戦略を練る人。

TEDの動画

行動を変えるには、自分をうまく仕向けることが必要(TED)

行動を変えたい、新しい生活習慣を身につけたいと思う人の参考になるTEDの動画を紹介します。

タイトルは、How to trick yourself into good behavior (よい行動をするように自分を仕向ける方法)です。

講演者は、行動科学の専門家、ボブ・ニース(Bob Nease)さんです。

そうするつもりはあるのに、なぜか、現実は違うことをしてしまう。それには理由があるんだよ、こうすればいいんだよ、というプレゼンです。



よい行動をするよう仕向けるには? TEDの説明

By now, we all know that people make lousy decisions and behave badly.

We eat the cake, wait until the last minute to do our taxes, and generally work against our own self-interest no matter how much we want to succeed.

So…what can we do to fight it? Behavioral scientist Bob Nease shares some tricks to align our good intentions with our actions.

人はみな、まずい決断をして、まずい行動をするものです。

ケーキを食べてしまうし、ギリギリにならないと確定申告の準備を始めないし、たいてい、自分の意図とは違うことをしてしまいます。どんなに望む行動をしたいとがんばっても。

では、どうしたらいいのでしょうか? 行動科学者のボブ・ニースは、自分のよい意図と、行動を一致させる方法をシェアします。

収録は2011年の11月です。長さは11分46秒です。字幕はありません。動画のあとに抄訳を書きます。
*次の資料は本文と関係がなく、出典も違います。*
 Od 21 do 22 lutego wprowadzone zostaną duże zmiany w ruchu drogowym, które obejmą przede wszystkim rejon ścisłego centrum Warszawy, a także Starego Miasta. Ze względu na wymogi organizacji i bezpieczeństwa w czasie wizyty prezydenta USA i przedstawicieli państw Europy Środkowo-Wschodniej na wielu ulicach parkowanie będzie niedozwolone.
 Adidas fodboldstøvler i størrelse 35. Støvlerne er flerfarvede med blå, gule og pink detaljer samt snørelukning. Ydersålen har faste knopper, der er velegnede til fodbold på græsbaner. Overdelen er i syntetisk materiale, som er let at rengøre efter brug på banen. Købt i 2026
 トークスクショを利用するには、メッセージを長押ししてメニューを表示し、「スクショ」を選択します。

☆TEDの説明はこちら⇒TEDの記事のまとめ(1)ミニマリスト的生き方の参考に

そうしたいと思うのにそう行動できない

行動を変えることについてお話します。

大切なことだと皆、わかっていますね。行動を変えるのは、とても難しいということも。

そうできない理由は、そうしたいという気持ちがないからではないのです。

そうしたい気持ちは十分です。ただ、実行に移せないのです。





オデュッセウスとカーダシアンの戦略

幸いなことに、有名人から学ぶことができます。ホーマーの叙事詩のヒーロー、オデュッセウスと、アメリカのキム・カーダシアン(有名なセレブ)です。

オデュッセウスとセイレーン

オデュッセウスとセイレーンの歌のことはみなさんご存知ですよね。

セイレーンは恐ろしい生き物です。すばらしい歌声をきかせますが、歌で船員たちを引き寄せ、船を難破させ、船員を殺します。

この誘惑を前にしたとき、オデュッセウスは、自身の意志の力に頼ったでしょうか?

違います。

オデュッセウスは、自分の意志だけではセイレーンにあがらえないとわかっていました。彼は、船員たちに、自分をマストにしばりつけ、耳にろうを入れ、そのまま進むように命じました。
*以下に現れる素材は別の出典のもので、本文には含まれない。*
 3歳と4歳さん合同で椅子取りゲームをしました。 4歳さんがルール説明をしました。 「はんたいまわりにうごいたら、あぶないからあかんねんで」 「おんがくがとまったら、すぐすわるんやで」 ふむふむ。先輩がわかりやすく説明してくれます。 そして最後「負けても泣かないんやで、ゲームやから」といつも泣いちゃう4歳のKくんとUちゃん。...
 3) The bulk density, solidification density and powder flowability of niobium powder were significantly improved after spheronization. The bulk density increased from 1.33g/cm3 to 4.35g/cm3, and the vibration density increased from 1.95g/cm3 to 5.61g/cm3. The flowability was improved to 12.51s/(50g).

その結果、セイレーンの歌声を聞きながらも、無事でいられました。

キム・カーダシアンのダイエット

キム・カーダシアンは、ダイエットに成功するためには、意志の力だけでは不十分だとわかっていました。そこで、オデュッセウスと似た戦略を使いました。

ライアン・シークレスト(アメリカの人気司会者)によれば、カーダシアンは、夕食に、なんでも食べたいものをオーダーしました。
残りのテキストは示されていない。